ANALYSTS GIVE PREDICTIONS

When the war ends, what’s next?

After the war, Israeli security oversight in Gaza will be necessary.

Khalid Abu Toameh (left) and Ehud Yaari in Australia.
Khalid Abu Toameh (left) and Ehud Yaari in Australia.

When the Israel-Hamas war finishes, Israel will need to maintain temporary but long-term control over Gaza to demonstrate to Palestinians that Hamas no longer has any authority there, according to analyst Khalid Abu Toameh.

Visiting for the Australia/Israel & Jewish Affairs Council (AIJAC), the Israeli Arab, a senior fellow with the Jerusalem Institute of Public Affairs, told a Melbourne luncheon that while Israel cannot resume its 1967-2005 occupation or rebuild settlements, neither can the Palestinian Authority (PA) become Gaza’s new government.

PA President Mahmoud Abbas would “be happy to go back to Gaza” from which his Fatah faction was violently ejected by Hamas in 2007, but a PA return, favoured by the US, would fail to quell jihadists.

Abbas “is not going to fight terrorism, dismantle Hamas and Islamic Jihad, he can’t do it”, said Toameh. “He can’t even do it in the West Bank.”

Abbas and his inner circle have faced US pressure to moderate the PA and prepare it to govern Gaza. But Abbas’s response – replacing Mohammad Shtayyeh with another loyalist Mohammad Mustafa as PM – is no reform.

Toameh noted Hamas’s attempts to draw Israeli Arabs into the October 7 aftermath failed, many sharing Israelis’ horror at the Hamas bloodletting which also claimed 21 Israeli Arab lives. Arabs in Israel have maintained peaceful relations, with “more demonstrations in Sydney and London” than among Israel’s Arab community.

Ehud Yaari, Middle East commentator for Israel’s Channel 12, said Hamas commanders planned for October 7 to trigger “an Al-Aqsa flood”, with Hamas, joined by Iran proxy Hezbollah and forces in Syria, overrunning Israel from Gaza to the West Bank. But Hamas’s co-conspirators shrank from the plan.

Moreover, the opportunity for atrocities at the Nova festival with “lots of hostages, lots of people to kill” diverted the terrorists.
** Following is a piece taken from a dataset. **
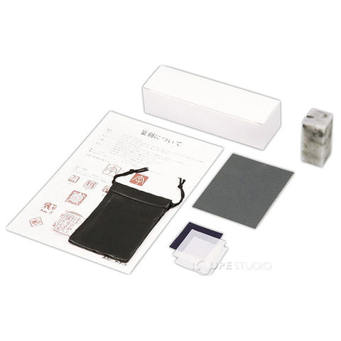 | セット内容 | 遼凍石×1、てん刻字体説明書×1、レザー調小袋×1、耐水ペーパー×1、トレーシングペーパー×1、カーボン紙×1、つやだし用トレーシングペーパー×1 |

Now there are bitter recriminations among Hamas’s factions over how their plan collapsed.

Yaari was adamant that despite warnings from the US, Australia and others, an IDF operation in Rafah must proceed, to remove the four battalions of Hamas’s notorious Rafah Brigade – virtually the terrorist organisation’s last offensive remnant.

If the Rafah Brigade is not destroyed, Israel’s entire war effort would be “a waste of time”, as Hamas, now well on the way to being reverted into “an armed underground” with no hold on territory, could stage an 11th-hour resurgence.

But Yaari believes Israel should make a formal offer to Hamas to surrender in Rafah, so it is clear that if it does not, it alone bears the responsibility for civilian casualties among 1.2 million Palestinians sheltering there.

After the war, Israeli security oversight in Gaza will be necessary, together with a reconstruction agency backed by moderate Arab countries and the West, and “linked to the PA but not subordinate”.

Yaari lamented PM Benjamin Netanyahu’s failure to address any post-conflict scenario and believes that with the war now winding down, its end will bring his rapid political demise.

“The one thing he doesn’t want to get to is the moment after, because in the moment after, he’s [politically] doomed. There will be a million people on the street, who are reluctant to be on the street while Israeli soldiers are fighting.”